Below, locate the line that contains "Girls canvas shoes". Repeat exactly from that line to the line that contains "お茶室の四季折々を演出する道具も作りました。 木材だけでなく、竹やよしずなども使って涼感を出したり、いろいろ工夫をしました。 |", inclusive, leaving out the pictures.

Dataset -
______________________________

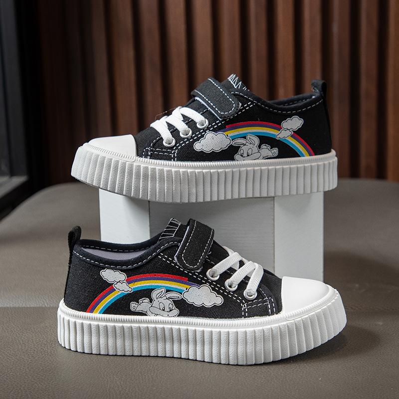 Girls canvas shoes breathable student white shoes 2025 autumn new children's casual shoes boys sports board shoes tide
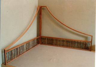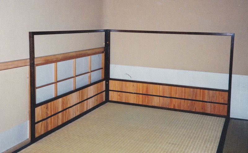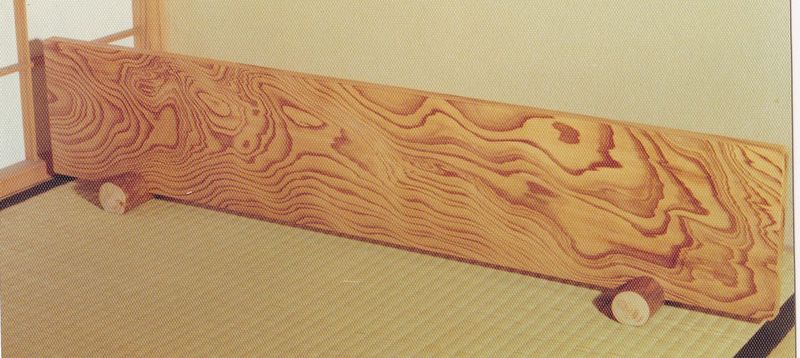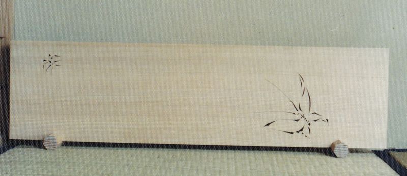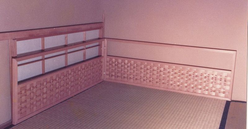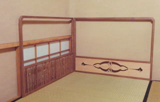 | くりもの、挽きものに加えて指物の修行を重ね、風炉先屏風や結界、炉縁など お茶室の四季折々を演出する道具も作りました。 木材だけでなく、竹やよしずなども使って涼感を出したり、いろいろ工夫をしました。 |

______________________________

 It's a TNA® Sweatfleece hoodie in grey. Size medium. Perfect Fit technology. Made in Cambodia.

______________________________

Task answer -
 Girls canvas shoes breathable student white shoes 2025 autumn new children's casual shoes boys sports board shoes tide
 | くりもの、挽きものに加えて指物の修行を重ね、風炉先屏風や結界、炉縁など お茶室の四季折々を演出する道具も作りました。 木材だけでなく、竹やよしずなども使って涼感を出したり、いろいろ工夫をしました。 |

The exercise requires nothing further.